Ordinarily, costs follow the event and a successful litigant receives his or her costs in the absence of special circumstances justifying some other order. There can be conduct on the part of a successful litigant which disentitles that litigant to an award of costs. The type of conduct that might disentitle a successful party to an order for costs is summarised, as the applicant points out, in Anglo-Cyprian Trade Agencies Limited v Paphos Wine Industries Limited (1951) 1LR 873.
In my view, there is no disentitling conduct on the part of the respondent in this case. It is said that the way in which the respondent conducted this litigation should disentitle her to an order for costs.
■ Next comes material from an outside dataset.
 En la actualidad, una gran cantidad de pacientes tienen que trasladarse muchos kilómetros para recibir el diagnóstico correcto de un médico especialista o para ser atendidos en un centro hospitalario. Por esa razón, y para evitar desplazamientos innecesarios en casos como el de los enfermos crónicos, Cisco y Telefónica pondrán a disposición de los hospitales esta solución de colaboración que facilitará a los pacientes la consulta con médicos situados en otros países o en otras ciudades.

Specifically, it is said that there was non-compliance with a number of directions made by the Court and there was something of a misrepresentation, perhaps, made by the respondent's solicitors to the Court during one of the directions hearings about the nature and extent of the witnesses to be called by the respondent.
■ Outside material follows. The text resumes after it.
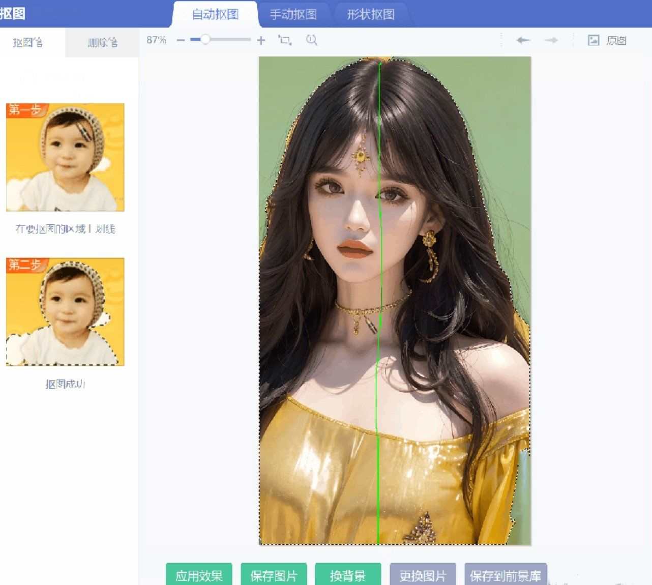 抠图:抠图分为自动抠图、手动抠图、形状抠图和AI抠图,其中自动抠图只要把要抠的图往下划即可完全抠图,非常智能方便。

As matters transpired, there were some 15 affidavits filed by different witnesses to be relied upon at trial, but ultimately only six of those witnesses gave evidence.
In my view, there was nothing untoward in the respondent preparing her case as she saw fit. There were a number of affidavits that were delivered that were not ultimately relied upon, but it seems to me that there may be any number of circumstances that might occur between the preparation of a matter for trial and the actual hearing, which means that some or other of the witnesses might not ultimately be relied upon.
It was also noted that large portions of the evidence relied upon by the respondent in some of the affidavits were struck out as inadmissible, but the same criticism, of course, can be made of the applicant's material.
It is suggested that there is some public interest in this case, it being a case involving the HREOC Act, which would mean that it would be inappropriate to make an order for costs. In my view, that is not so. It is certainly the case that in some human rights applications there is a sufficiently significant public interest factor that means that an order for costs, irrespective of the outcome of the application, is inappropriate. This is not one of those cases.
This case turned on its own facts. It was determined according to the credibility of the applicant and the respondent. The applicant was a person employed by the respondent; she had fallen pregnant, and because of complications with her pregnancy she decided to no longer continue with her employment.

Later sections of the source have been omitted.